Bangladesh ist eines der ärmsten Länder der Welt und abgesehen von Nepal das ärmste Land Südasiens. Das Bruttoinlandsprodukt (BIP) 2004 wird von der Weltbank mit 61,3 Milliarden angegeben (zum Vergleich: in Deutschland ca. 2 Billionen US-Dollar). Dies entspricht einem BIP pro Person 440 US-Dollar (zum Vergleich: in Indien 620 US-Dollar und in Pakistan 600 US-Dollar.

Allgemeiner Überblick

Nach der Staatsgründung 1971 forcierte der erste Ministerpräsident Mujibur Rahman eine wirtschaftliche Entwicklung nach sozialistischem Vorbild. Sämtliche Industrieunternehmen und Banken wurden verstaatlicht. Nur das landwirtschaftlich genutzte Eigentum verblieb im Privatbesitz. Mit dem Ende der Militärherrschaft 1991 wurden durch die erste frei gewählte Regierung unter der Führung der Bangladesh Nationalist Party deutliche Schritte zur Etablierung marktwirtschaftlicher Strukturen unternommen.

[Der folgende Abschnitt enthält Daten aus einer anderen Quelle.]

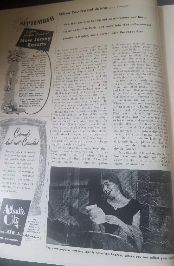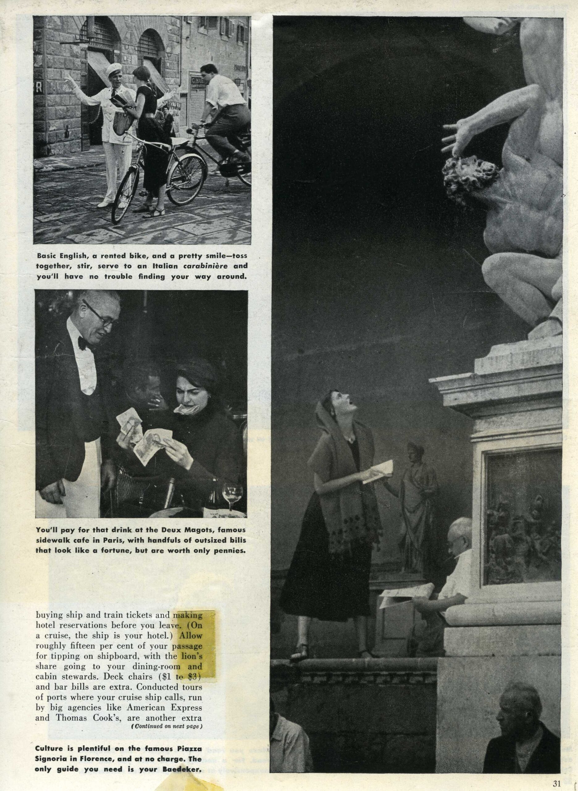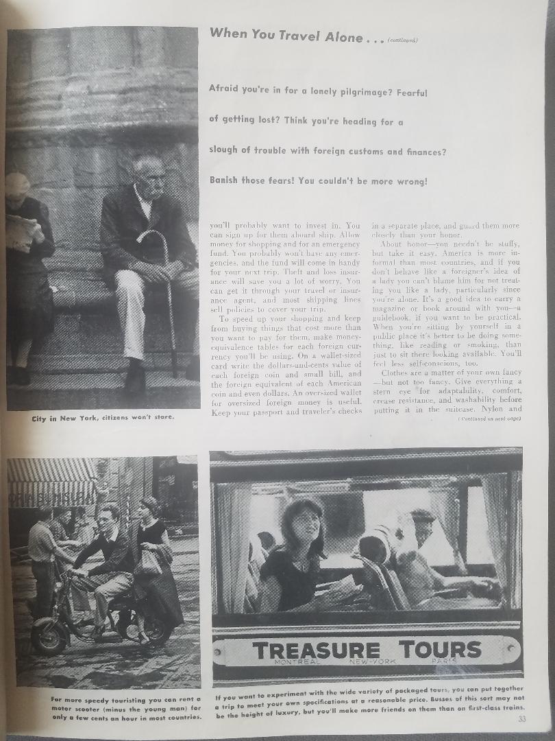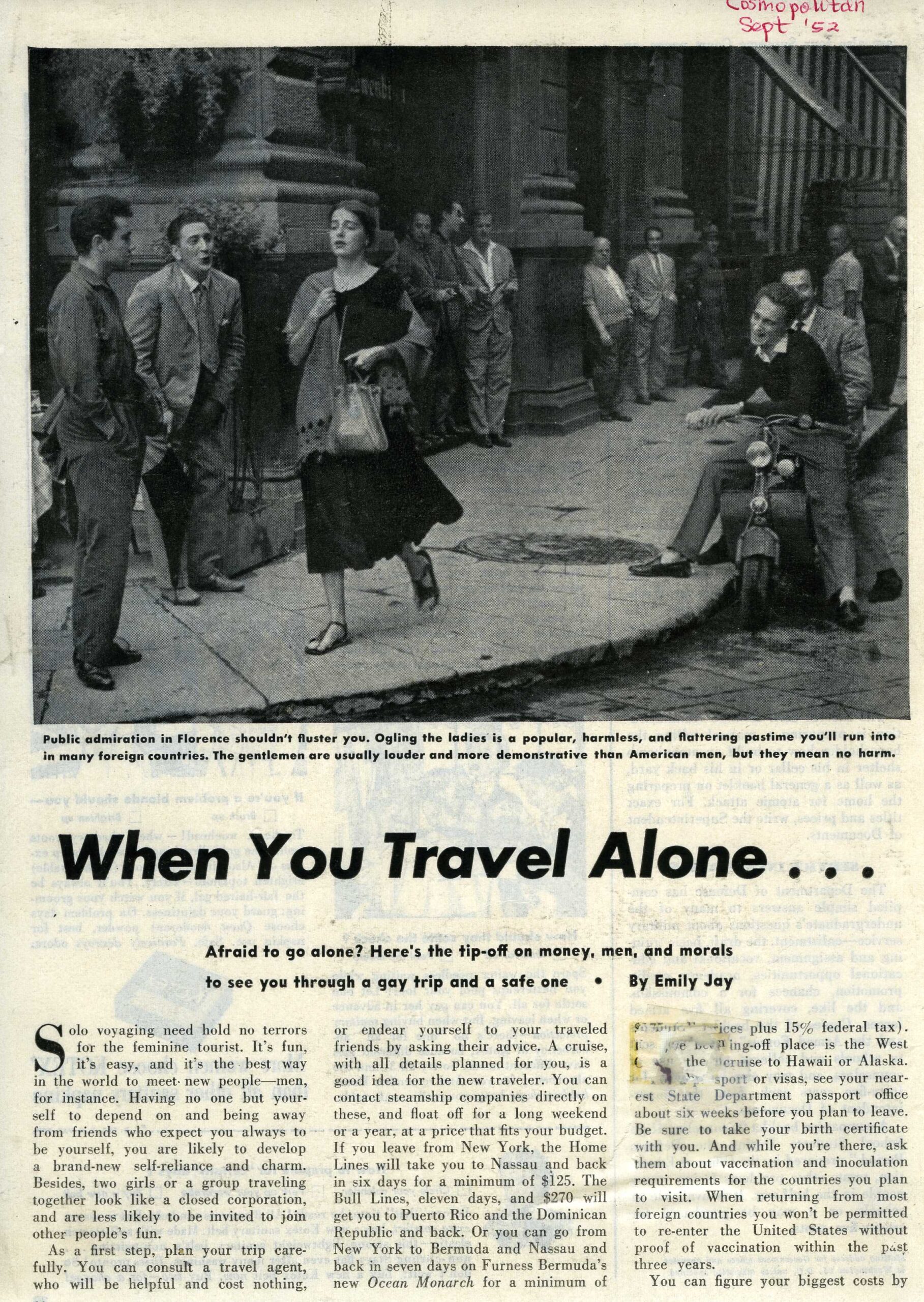 American Girl in Italy series – When You Travel Alone – Cosmopolitan, September 1952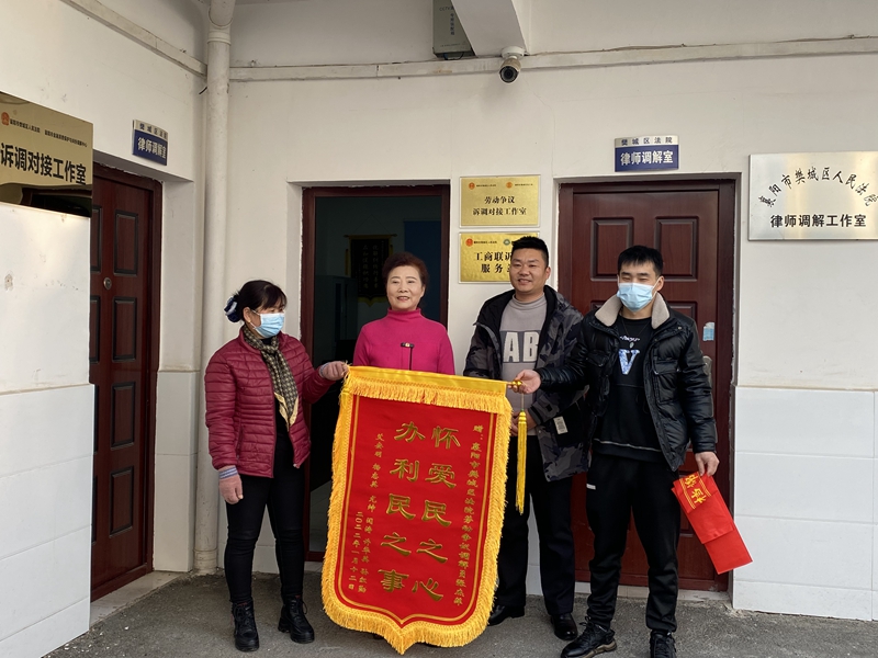 (通讯员:肖天凤)近日,樊城区“法院+工会”劳动争议诉调对接工作室,收到了6名当事人送来的印有“怀爱民之心,办利民之事”的锦旗,感谢“法院+工会”调解室及调解员尽职尽责为他们追回工资。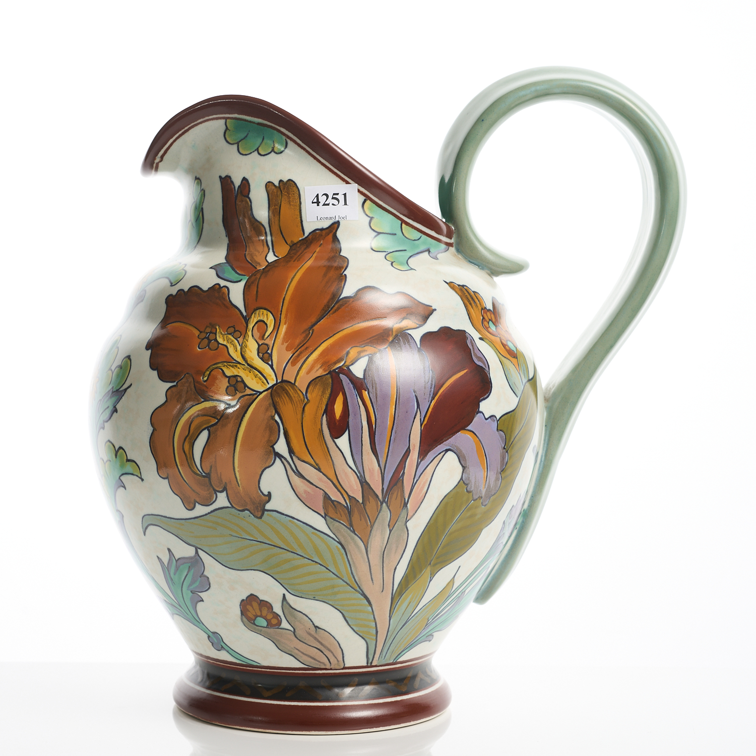A GOUDA ROGAMA FLORAL PAINTED JUG H.31CM, LEONARD JOEL LOCAL DELIVERY SIZE: MEDIUM

Bald stellten sich erste ökonomische Erfolge ein. So wuchs das BIP Bangladeshs in den 1990er-Jahren um durchschnittlich 4,8%. Dies entspricht einer durchschnittlichen Wachstumsrate des Pro-Kopf-Einkommens von 2,5%. Im Jahr 2002 betrug die Wachstumsrate des BIP 4,4%, das Pro-Kopf-Einkommen nahm um 2,7% zu.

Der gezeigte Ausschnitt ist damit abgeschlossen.